Transportation: We arrived by rental car from Dufftown, with a long stop in Stirling on the way. We returned our car on arrival, figuring it would be more hassle than help. We departed on a train to London King’s Cross (~4.5 hours). It seemed you could buy tickets online at the National Rail site or the Virgin site, among others. We walked everywhere in Edinburgh. There is no underground, but there are buses and trams.
Accommodation: We stayed at a gorgeous Airbnb apartment at the corner of Dundas Street and Henderson Row. I think this is on the edge of the Stockbridge neighborhood. It is residential and attractive, with a cluster of cafes and shops nearby. Most of the top sights are in/closer to Old Town, thus you might prefer to stay over there. Some places I came across that are well-located include The Balmoral, Motel One, Radisson Blu and Hotel du Vin. We didn’t mind our location because we enjoy walking and got to see more of the city.

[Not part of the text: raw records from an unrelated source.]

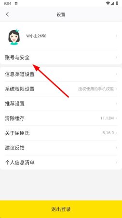 2、在设置界面中找到并点击账号与安全选项,进入账号与安全相关设置页面。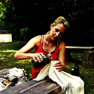 Put your cloth over the top of the jar to strain the leaves.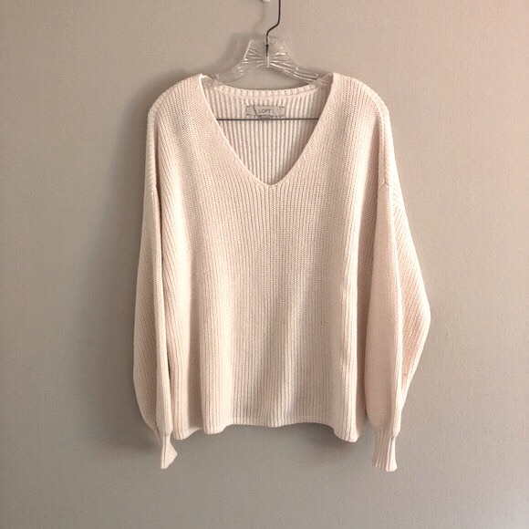 LOFT Sweaters - LOFT Cream Ribbed V-Neck Cotton Sweater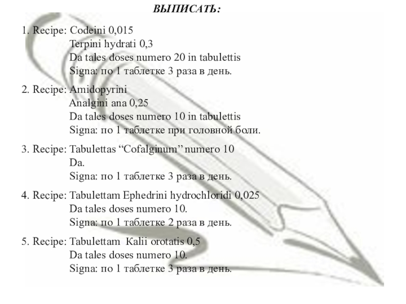 1. 10 порошков из листьев наперстянки (folia Digitalis) по 40 мг. Назначить по 1 порошку 3 раза в день.

Food and Drinks: Breakfast at Roamin Nose was great; at Cuckoo’s Bakery it was OK. Lunch at Soba was pretty good. The lasagna at Giuliano’s was tasty. There are tons of options in the Old Town, and outside there are many clusters of restaurants/bars, including: Rose Street; Hanover Street; Thistle Street; Broughton Street; Commercial Quay and Shore in Leith. Some places I wanted to try include the dogs, The Vintage and The Shore (the latter two are both in Leith). Many Fringe venues have restaurants or food trucks.
Activities: We spent most of our time attending festival shows and walking around. There are plenty of museums, the Edinburgh Castle and Royal Mile, Calton Hill, Holyrood Park, the Scotch Whisky Experience, the Royal Yacht Brittania, etc. On the way from Dufftown we spent a few hours in Stirling, a beautiful old town with cobblestone streets and home to Stirling Castle. While the castle’s location and historical significance are impressive, we found much of the inside rather bizarre in its cheap looking reconstruction. Tickets cost £14 each.